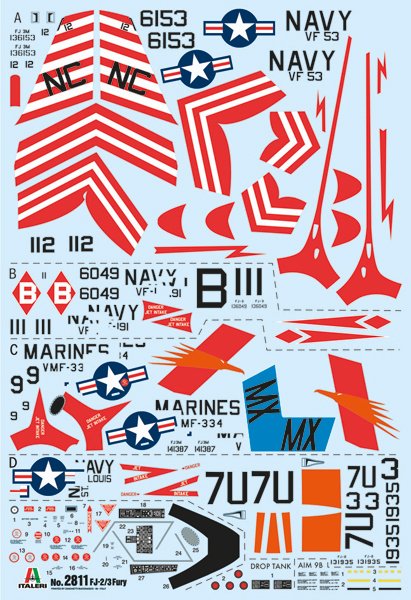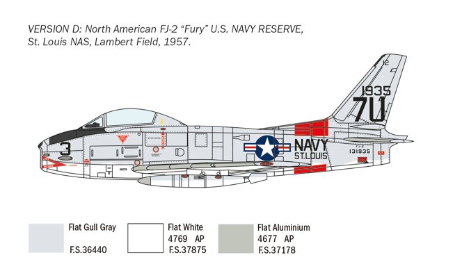 SUPER DECALQUES PARA 4 VERSÕES – INSTRUÇÕES DE CORES FIGURA NÃO INCLUÍDA O norte-americano FJ-2 Fury foi o resultado do pedido da Marinha dos Estados Unidos e do Corpo de Fuzileiros Navais dos Estados Unidos para uma versão baseada em porta-aviões do caça de asa varrida F-86 Sabre.
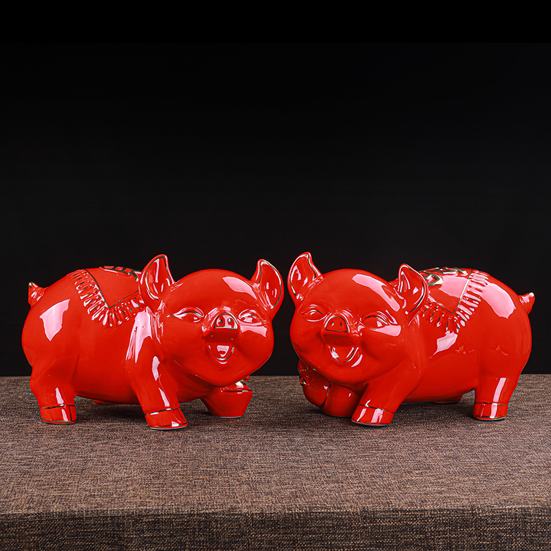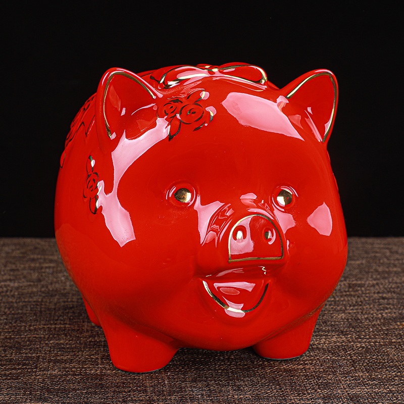 陶瓷猪存钱罐储蓄罐儿童成人开业摆件金猪储钱罐红色小猪可爱礼品
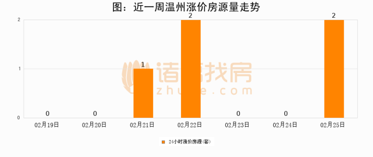 根据诸葛找房数据显示,温州24小时涨价房源量为2套,较02月24日增加2套,环比上涨0%。与此同时,涨价房源占比小幅扩大,业主信心有所提升。
--------------------------------
Work instruction: All text in the material above must be written out exactly; the images are to be skipped.

Written response:
 SUPER DECALQUES PARA 4 VERSÕES – INSTRUÇÕES DE CORES FIGURA NÃO INCLUÍDA O norte-americano FJ-2 Fury foi o resultado do pedido da Marinha dos Estados Unidos e do Corpo de Fuzileiros Navais dos Estados Unidos para uma versão baseada em porta-aviões do caça de asa varrida F-86 Sabre.
 陶瓷猪存钱罐储蓄罐儿童成人开业摆件金猪储钱罐红色小猪可爱礼品
 根据诸葛找房数据显示,温州24小时涨价房源量为2套,较02月24日增加2套,环比上涨0%。与此同时,涨价房源占比小幅扩大,业主信心有所提升。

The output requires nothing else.